■ **GIVEN DATA**
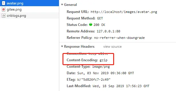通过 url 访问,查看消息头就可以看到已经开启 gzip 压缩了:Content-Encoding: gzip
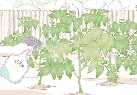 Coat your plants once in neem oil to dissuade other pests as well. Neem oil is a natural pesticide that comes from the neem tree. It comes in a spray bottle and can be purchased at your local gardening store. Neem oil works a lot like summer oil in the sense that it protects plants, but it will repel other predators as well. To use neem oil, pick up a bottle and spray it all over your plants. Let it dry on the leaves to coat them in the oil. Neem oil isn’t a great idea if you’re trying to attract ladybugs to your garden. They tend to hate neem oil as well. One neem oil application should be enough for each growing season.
==
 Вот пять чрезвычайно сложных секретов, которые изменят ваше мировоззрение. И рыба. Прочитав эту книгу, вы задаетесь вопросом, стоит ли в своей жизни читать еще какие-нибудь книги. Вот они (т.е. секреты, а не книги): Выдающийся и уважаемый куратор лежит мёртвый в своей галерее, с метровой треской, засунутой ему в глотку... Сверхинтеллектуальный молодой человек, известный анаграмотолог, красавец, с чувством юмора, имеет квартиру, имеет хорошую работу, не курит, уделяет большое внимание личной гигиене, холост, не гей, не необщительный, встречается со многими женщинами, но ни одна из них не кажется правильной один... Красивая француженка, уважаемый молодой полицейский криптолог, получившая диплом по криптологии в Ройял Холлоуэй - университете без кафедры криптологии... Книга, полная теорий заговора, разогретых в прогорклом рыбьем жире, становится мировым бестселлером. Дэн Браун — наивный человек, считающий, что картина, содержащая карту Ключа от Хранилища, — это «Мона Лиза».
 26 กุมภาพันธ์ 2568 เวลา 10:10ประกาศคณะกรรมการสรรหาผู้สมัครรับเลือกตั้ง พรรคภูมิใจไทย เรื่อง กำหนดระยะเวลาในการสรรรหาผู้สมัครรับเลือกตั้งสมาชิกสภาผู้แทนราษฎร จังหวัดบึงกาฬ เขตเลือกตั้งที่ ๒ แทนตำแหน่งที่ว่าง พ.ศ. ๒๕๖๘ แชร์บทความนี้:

■ **EXERCISE PROMPT**
Copy exactly the lines of the entries above from the one containing "通过 url 访问,查看消息头就可以看到已经开启" through the one containing "Coat your plants". Both end lines count; pictures do not.

■ **ANSWER TO THIS PROBLEM**
通过 url 访问,查看消息头就可以看到已经开启 gzip 压缩了:Content-Encoding: gzip
 Coat your plants once in neem oil to dissuade other pests as well. Neem oil is a natural pesticide that comes from the neem tree. It comes in a spray bottle and can be purchased at your local gardening store. Neem oil works a lot like summer oil in the sense that it protects plants, but it will repel other predators as well. To use neem oil, pick up a bottle and spray it all over your plants. Let it dry on the leaves to coat them in the oil. Neem oil isn’t a great idea if you’re trying to attract ladybugs to your garden. They tend to hate neem oil as well. One neem oil application should be enough for each growing season.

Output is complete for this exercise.